Но как бы он не старался успокоить Веру картиной счастливой жизни, она по-прежнему волновалась и даже дрожала.

– Ну что ты так переживаешь? Всё будет хорошо, – сказал он ей с искренней улыбкой и обнял её.

– Я боюсь…, боюсь туда ехать, смотреть ему в глаза, – запинаясь и задыхаясь в его плечо, говорила Вера.

В объятиях и в тишине прошли несколько минут. Они медленно качались. Когда она почувствовала себя лучше, Владимир произнёс:

– Дорогая моя, я всё прекрасно понимаю. Тебе нельзя туда ехать, и, прости меня. Как я мог обрекать тебя на такое мучение. Прости, прости, – произнёс он, несколько раз целуя её в щеку, – ты останешься здесь, подождёшь, а я еду к нему и ставлю точку в этом деле, и больше никто не будет нам мешать.

– Мне страшно здесь находиться одной …, – произнесла в бессилии Вера.

Владимир задумался. Он хотел не прятаться от Ники, а честно и прямо в глаза сказать ему обо всём. Но душевное спокойствие любимой было законом.

– Тогда просто позвоним ему.

На этом и решили, но только сразу же обнаружили, что у Веры нет совершенно никаких вещей. Все её вещи остались у Ники в квартире.


VI

Такси подъезжала к строю пятиэтажек. В то время был уже вечер, но летнее солнце освещало рыжим светом всё вокруг, придавая стенам зданий и деревьям сказочную атмосферу уюта.

В последний раз наш герой был в этих местах год назад, как раз, когда прощался с другом перед отъездом в деревню. Но, несмотря на долгую разлуку, Владимир мог воссоздать по памяти точную копию всего, что здесь было, ведь в этом дворе провёл он добрую половину своей жизни. Наполненный деревьями и кустарником, он был окантован двумя белыми хрущёвками, стоящие друг напротив друга, в которых и жили наши друзья. Владимир жил на третьем этаже дома, а Ники на четвёртом этаже противоположного, и так получилось, что окна их квартир тоже обращены друг к другу. Будучи ещё ребятами, они не упускали возможности использовать это положение в играх и часто делали Морзе, пуская на стены зайцев при помощи солнца или ночью при помощи фонарей. Владимир всегда был рад этому месту, и, когда был вынужден переехать с родителями в новостройку, стремился подольше с Ники погулять в родном дворе.

Так было всегда, но не сейчас.
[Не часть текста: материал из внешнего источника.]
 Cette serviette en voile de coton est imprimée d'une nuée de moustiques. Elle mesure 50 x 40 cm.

Владимир, также как и Вера, переживал волнения грядущих событий, за тем лишь исключением, что держал их в узде и не давал возможности выпуска их наружу. Когда возлюбленные наконец приехали, они обострились с ещё большей силой. Тягостное осознание того, что скоро все мосты сгорят и обратного пути больше не будет, давили на его подсознание, не давая спокойно дышать.

Такси остановилось у второго подъезда, где стояла совместная с Верой и Ники машина, нам уже хорошо известная. Наш герой взглянул из-под крыши такси сквозь дверное стекло на четвёртый этаж. Ясно горел свет. Это значило, что Ники уже дома.
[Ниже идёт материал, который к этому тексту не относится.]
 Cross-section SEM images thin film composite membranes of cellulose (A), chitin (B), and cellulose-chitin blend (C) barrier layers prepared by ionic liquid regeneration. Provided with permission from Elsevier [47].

– Он тебе не звонил ещё? – спросил он Веру, которая прижалась к нему всем телом так близко, что ощущалось сердцебиение мятежного сердца.

– Нет.

– Разве он не интересуется тобой?

– Ники даёт мне право на личное время, – тихо произнесла она и потупила взор.
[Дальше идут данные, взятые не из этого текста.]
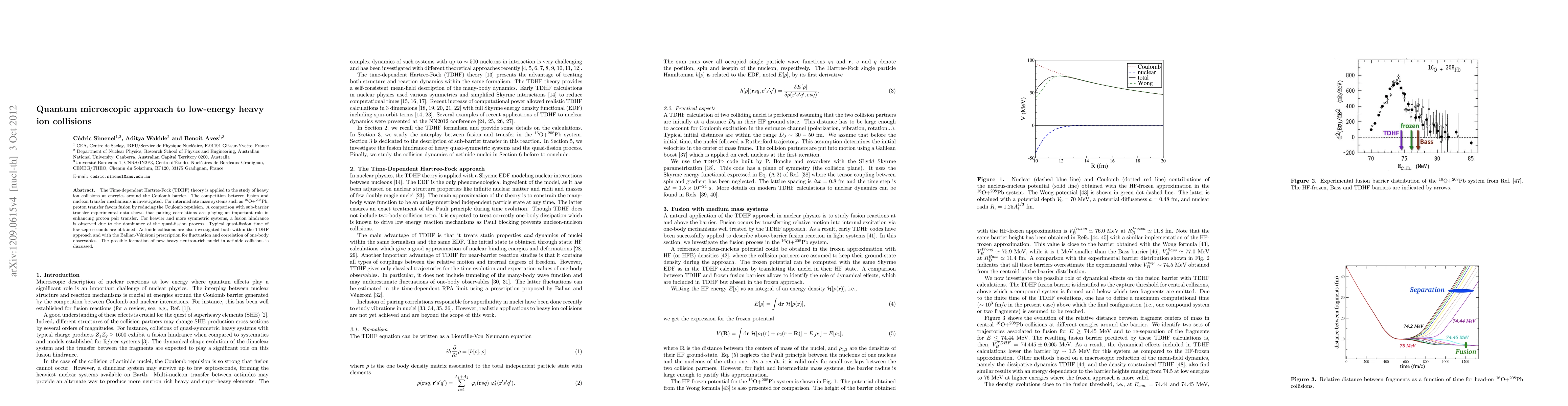 This paper applies Time-dependent Hartree-Fock (TDHF) theory to study low-energy heavy ion collisions, finding that proton transfer enhances fusion in intermediate mass systems by reducing Coulomb repulsion. For symmetric, heavier systems, quasi-fission dominates, leading to fusion hindrance.

–Ну, всё, я пошёл,– сказал Владимир резко и решительно после её слов.– Подождите здесь, пока не вернусь. Я заплачу,– добавил он грузину водителю, открыл дверцу и уже начал делать движение на выход, поставив одну ногу на асфальт, как почувствовал, что слабая сила держит его.

Он возвратился назад и посмотрел на бледную Веру. Волосы её также бессильно распростёрлись по влажному лбу, глаза были полными слёз.

– Ну, что ты переживаешь? Всё будет хорошо. Я с тобой. Надо только пережить этот день. Лишь только он преграждает нам путь к счастью,– говорил он ей, гладя её по волосам.

Грузин таксист отвернул зеркало заднего вида, дабы не смущать наших героев и, надвинув кепку-аэродром на глаза, откинулся на спинку кресла.

– Тебе нельзя идти туда!…, – промолвила она беспокойным шёпотом.

– Я знаю его как никто другой и он про меня. Тебе нечего бояться. Я скажу ему, что ты счастлива со мной. Он мне поверит. Мы никогда друг друга не обманывали. Я уверен, что он тоже любит тебя и хочет, чтоб ты была счастлива.

– Нет! Я должна ему всё рассказать! Я! – вскликнула Вера и, найдя в себе нерастраченные силы, открыла дверь и понеслась к крыльцу. Он последовал за ней, но потом остановился, дав ей возможность скрыться в подъезде.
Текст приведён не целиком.